SOURCE DATA:
☆ ☆ ☆ ☆
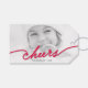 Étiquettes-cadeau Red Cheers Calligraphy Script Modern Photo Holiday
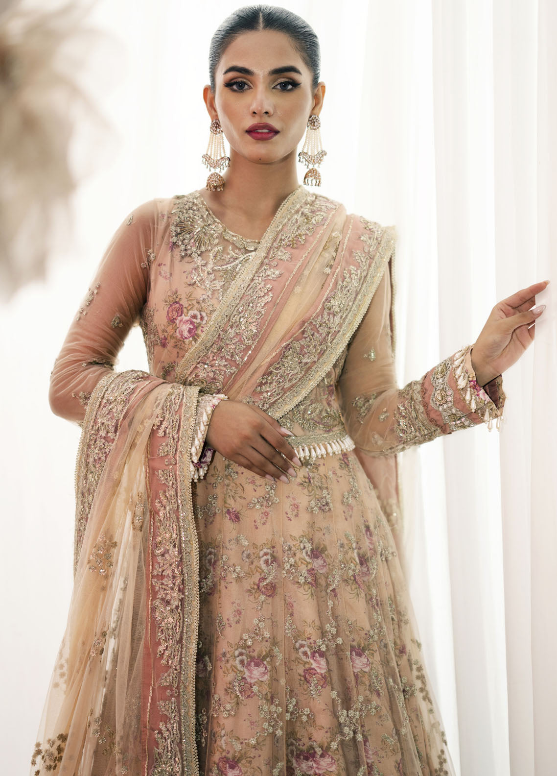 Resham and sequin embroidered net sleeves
☆ ☆ ☆ ☆
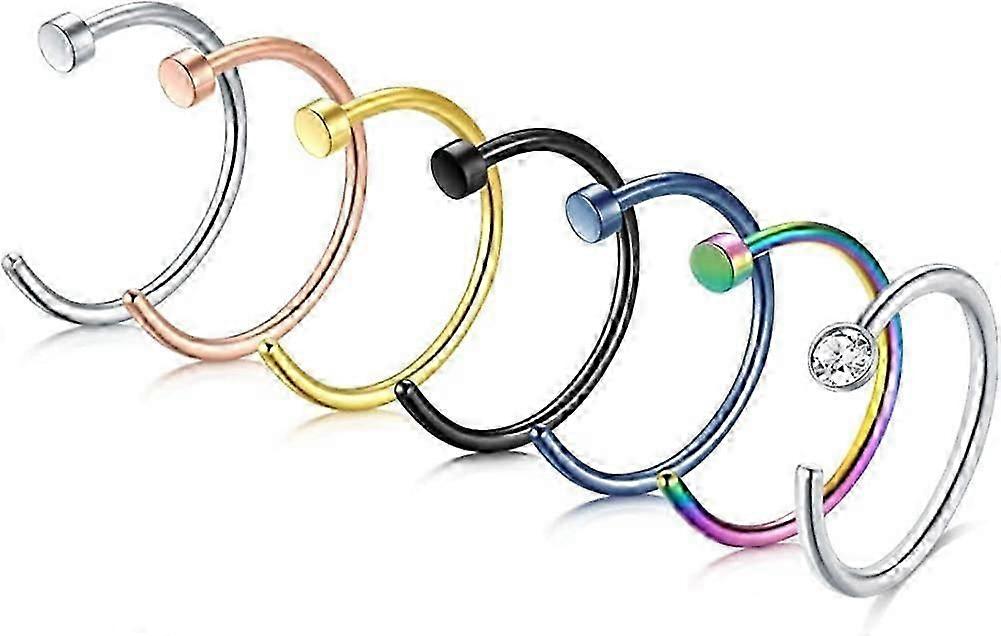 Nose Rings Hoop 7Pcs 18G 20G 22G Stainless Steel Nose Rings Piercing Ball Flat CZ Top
☆ ☆ ☆ ☆
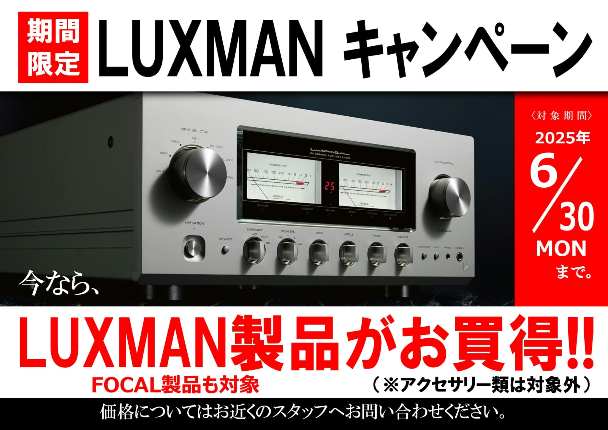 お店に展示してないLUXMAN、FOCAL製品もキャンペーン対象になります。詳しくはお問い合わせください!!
☆ ☆ ☆ ☆
YOUR INSTRUCTIONS: In the listing above, find the line with "Étiquettes-cadeau Red Cheers" and the line with "Resham and sequin embroidered net sleeves". Output both, plus every line between them, and no pictures.

ANSWER SPACE:
 Étiquettes-cadeau Red Cheers Calligraphy Script Modern Photo Holiday
 Resham and sequin embroidered net sleeves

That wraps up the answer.